标签: algorithm matlab combinatorics set-theory set-cover

我正在使用Matlab处理代码,我需要在其中找到覆盖引用列表所有元素所需的最少数字列表(在一些给定列表中)。

例如,假设我的参考列表是

X = [0 1 2 3 4 5 6 7 8 9] 

我有一组给定的列表如下:

A = [0 1 3 5 6 7 9]
B = [0 1 2 3 4]
C = [5 6 7 8 9]
D = [1 2 3 4]
E = [1 5 7 8]

涵盖X中每个元素所需的最少数量的列表是2BC),但是,如果我最初只搜索列表,涵盖了大多数元素(A),然后尝试查找将涵盖其余元素的其他列表,我最终将使用至少3列表。编写可以搜索所需的最少数量的列表的代码的最佳方法是什么(它会给我输出BC)?任何帮助都将非常感激...即使只是一个概念性解释(而非实际代码)如何最好地解决这个问题将是一个巨大的帮助!

2 个答案:

答案 0 :(得分:4)

方法#1:所有可能组合的迭代“暴力”

下面是一个可能的算法,说明如何解决问题。

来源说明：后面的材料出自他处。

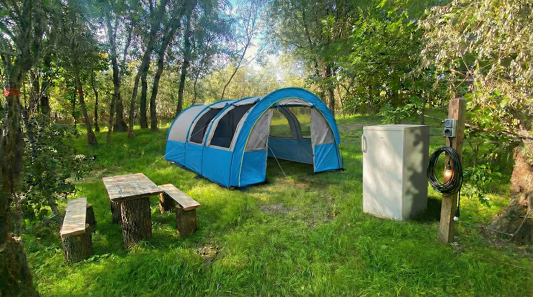 Можно арендовать палатку на базе отдыха с кроватями или матрасами и холодильником (дополнительно оплачивается).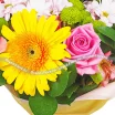 Уменьшенный: роза розовая - 3 шт, гербера желтая - 1 шт, альстромерия розовая - 2 шт, хризантема кустовая зеленая - 2 шт, хризантема кустовая светлая - 1 шт, рускус, фетр желтый. Примерный размер: 20Х20 см.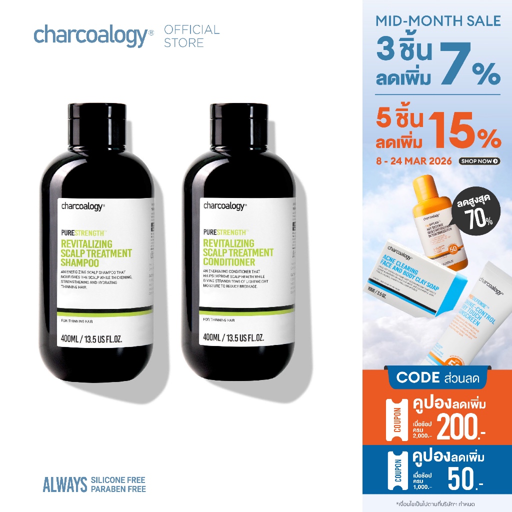 [สินค้าขายดี] ชุดแชมพูและครีมนวดผม สูตรปรับสภาพหนังศีรษะ ลดการหลุดร่วง Charcoalogy Revitalizing x 2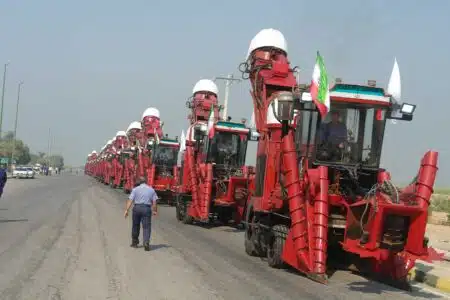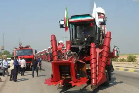مانور باشکوه ماشین آلات برداشت نیشکر کشت و صنعت سلمان فارسی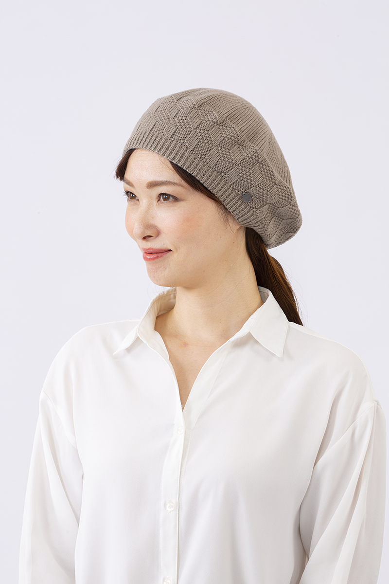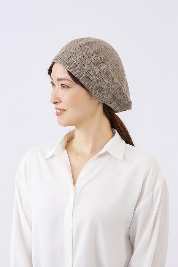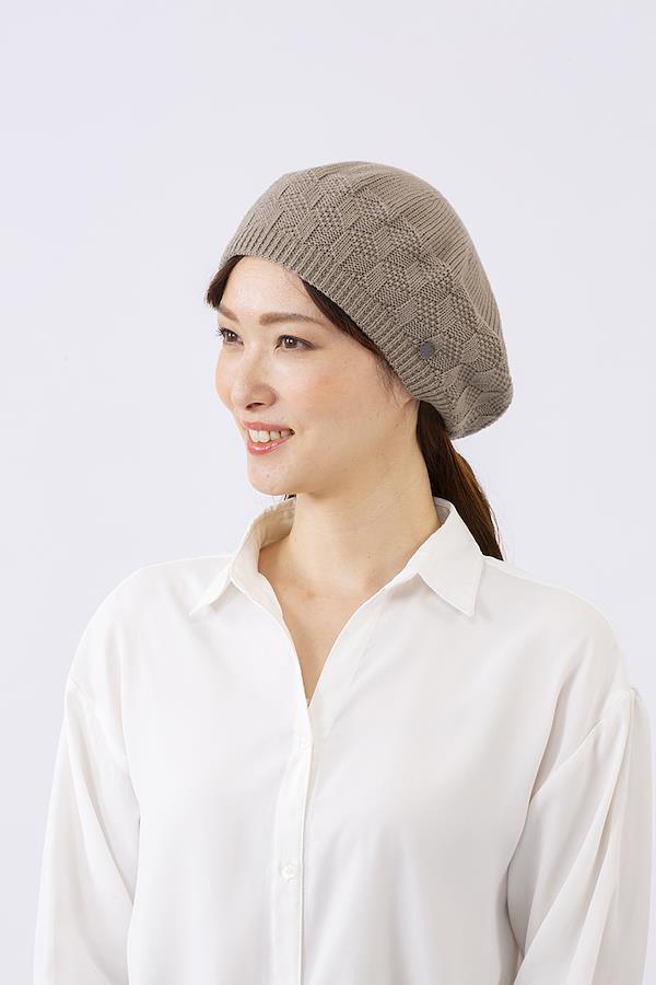 ★オシャレなヒロココシノのニットベレー帽!*柔らかな肌触りの素材で、外出先や室内でも長時間オシャレに被る事ができます。*被り方を選ばない小振りなベレー帽子で程よく頭にフィットします。*サッと被ればお洒落に変身。〇急な外出〇旅行時〇洗髪が出来ない時〇入院時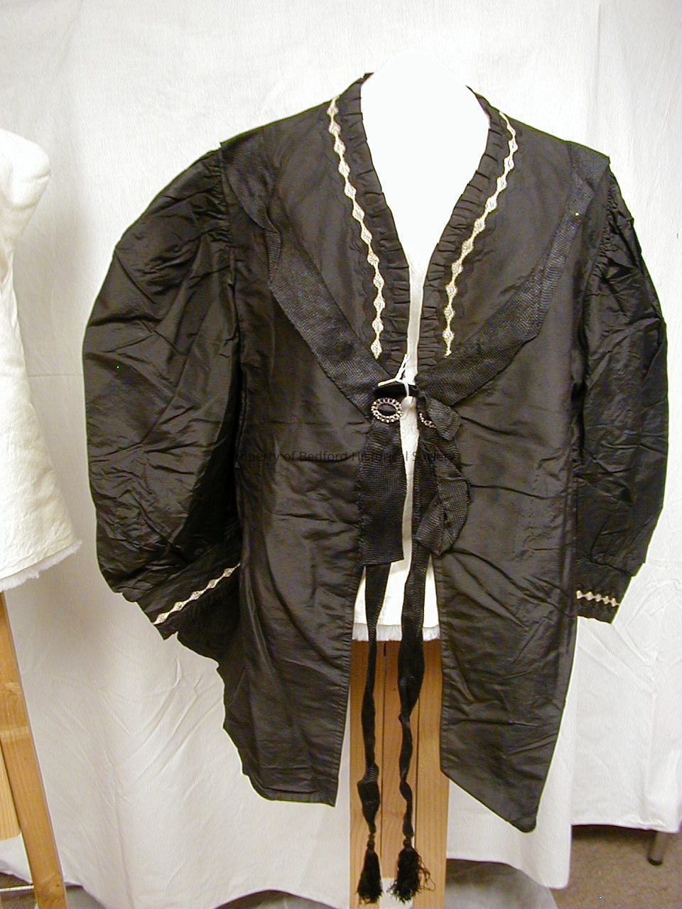 black silk taffeta and ribbon bodice jacket with white trim and brooch clasp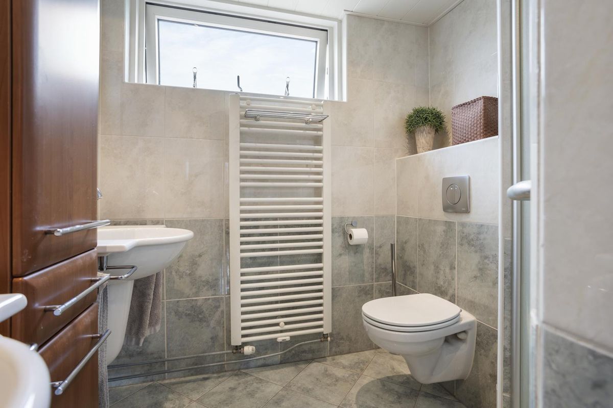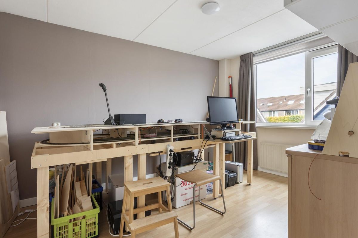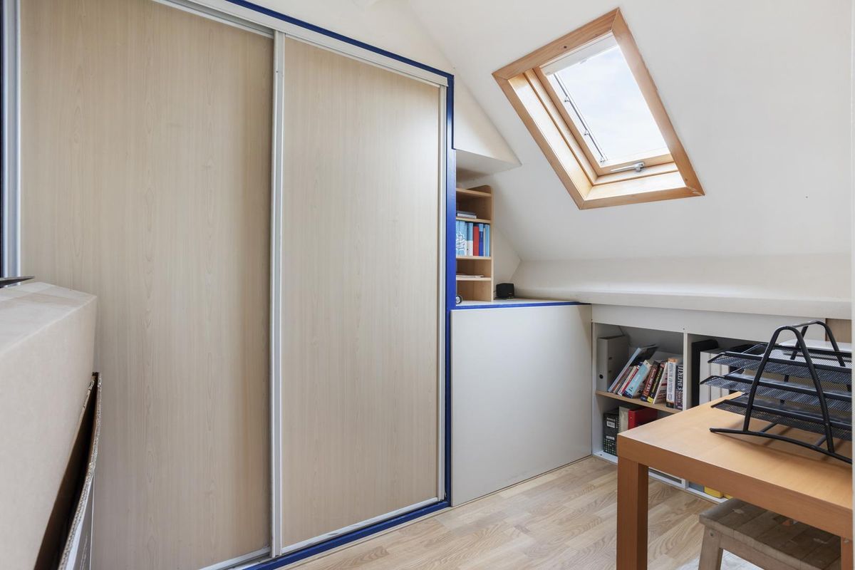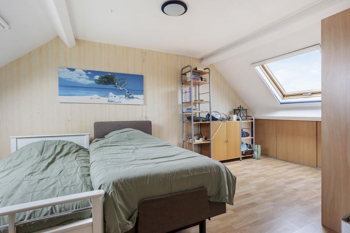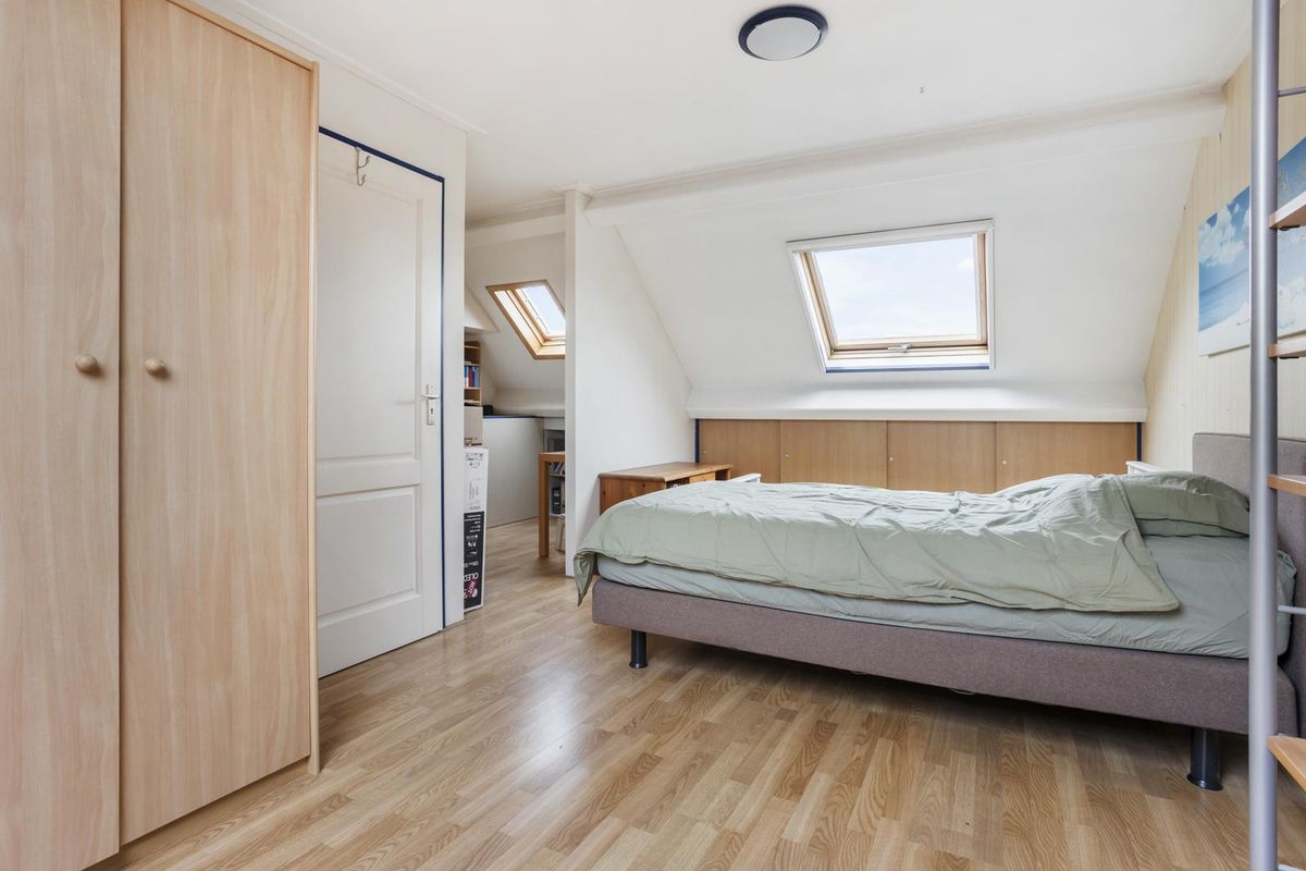 Op de bovenste verdieping bevindt zich de overloop met wasruimte en een royale slaapkamer voorzien van dakramen, laminaatvloer en inbouwkast waarin de CV-ketel is geplaatst.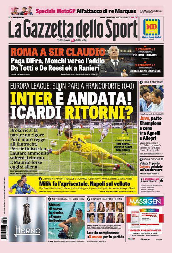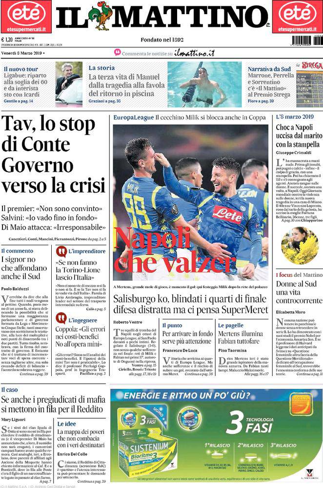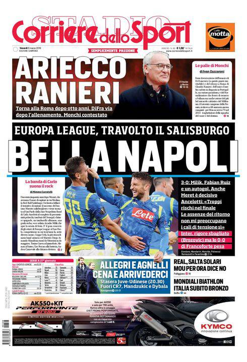 Rassegna stampa sportiva di venerdì 8 marzo 2019. Le prime pagine di CorSport, Gazzetta ed Il Mattino. Il Napoli supera con un rotondo 3-0 il Salisburgo, ora testa al campionato.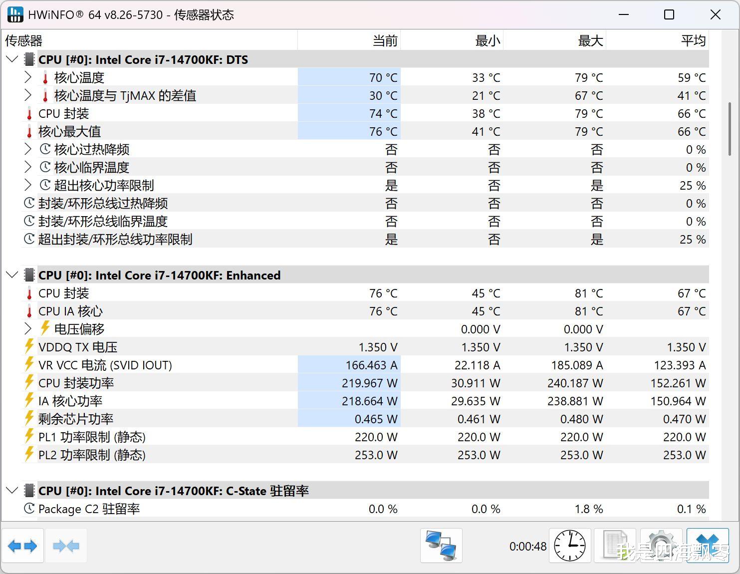 在实际使用过程中,通过水冷散热系统的有效压制,14700KF处理器的温度表现相当出色,其最高温始终稳定在80摄氏度以下,思民这套水冷展现出了卓越的温控能力。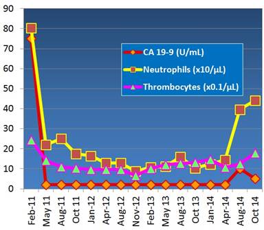 Figure 4. Follow up laboratory parameters during chemotherapy (February 2011 to April 2014) and afterwards. CA 19-9: red line; neutrophils: yellow line; thrombocytes: magenta line |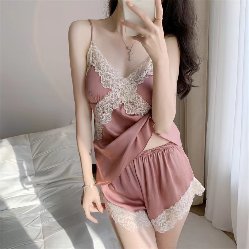 • 새틴 실크 세트-핑크 레이스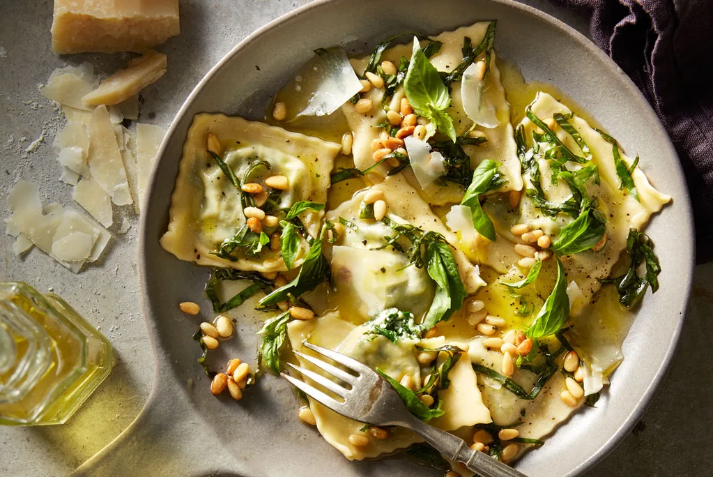 Spoon ravioli onto serving plates. Sprinkle over toasted pine nuts, the extra basil and the extra parmesan. Season with black pepper and serve.

代码本身应该是不言自明的,但我们的想法是我们测试所有可能的列表组合,直到找到有效的列表(因此我们没有遇到您描述的问题,我们错误地根据它们的长度选择列表)。 / p>

function varargout = q36323802
R = [0 1 2 3 4 5 6 7 8 9]; %// Reference List

L = {... // As per Dan's suggestion:
 [0 1 3 5 6 7 9]
 [0 1 2 3 4]
 [5 6 7 8 9]
 [1 2 3 4]
 [1 5 7 8]
 };
out = []; %// Initialize output
%% // Brute-force approach:
nLists = numel(L);
for indN = 1:nLists
  setCombinationsToCheck = nchoosek(1:nLists,indN);  
  for indC = 1:size(setCombinationsToCheck,1)
    u = unique(cat(2,L{setCombinationsToCheck(indC,:)}));
    if all(ismember(R,u))
      out = setCombinationsToCheck(indC,:);
      disp(['The minimum number of required sets is ' num2str(indN) ...
      ', and their indices are: ' num2str(out)]);
      return;
    end
  end
end
disp('No amount of lists found to cover the reference.');

if nargout > 0 
  varargout{1} = out;
end

对于您的示例,输出为:

  

The minimum number of required sets is 2, and their indices are: 2 3

注(S):

  1. 此方法通过在迭代n-1中不使用长度为n的列表来执行一些冗余计算,这些列表已在先前的迭代中找到(适用时)。在这种情况下,递归解决方案可能有效。
  2. 可能有一种方法可以对此进行矢量化,我并没有深入思考。
  3. 我假设所有输入都是行向量。如果情况并非如此,则必须有一些额外的步骤。
  4. 感谢 Adiel 提出了一些改进建议,感谢Amro找到了一些错误!

    方法#2:树搜索 实验

    我也试图构建一个递归求解器。现在它找到了一个解决方案,但它不够通用(实际上问题是它只返回第一个结果,不一定是最好的结果)。这种方法背后的原因是我们可以将您的问题视为树搜索问题,因此我们可以使用搜索/寻路算法(请参阅BFSDFSIDS等)。我认为下面的算法最接近DFS。和以前一样,这应该主要说明解决问题的方法。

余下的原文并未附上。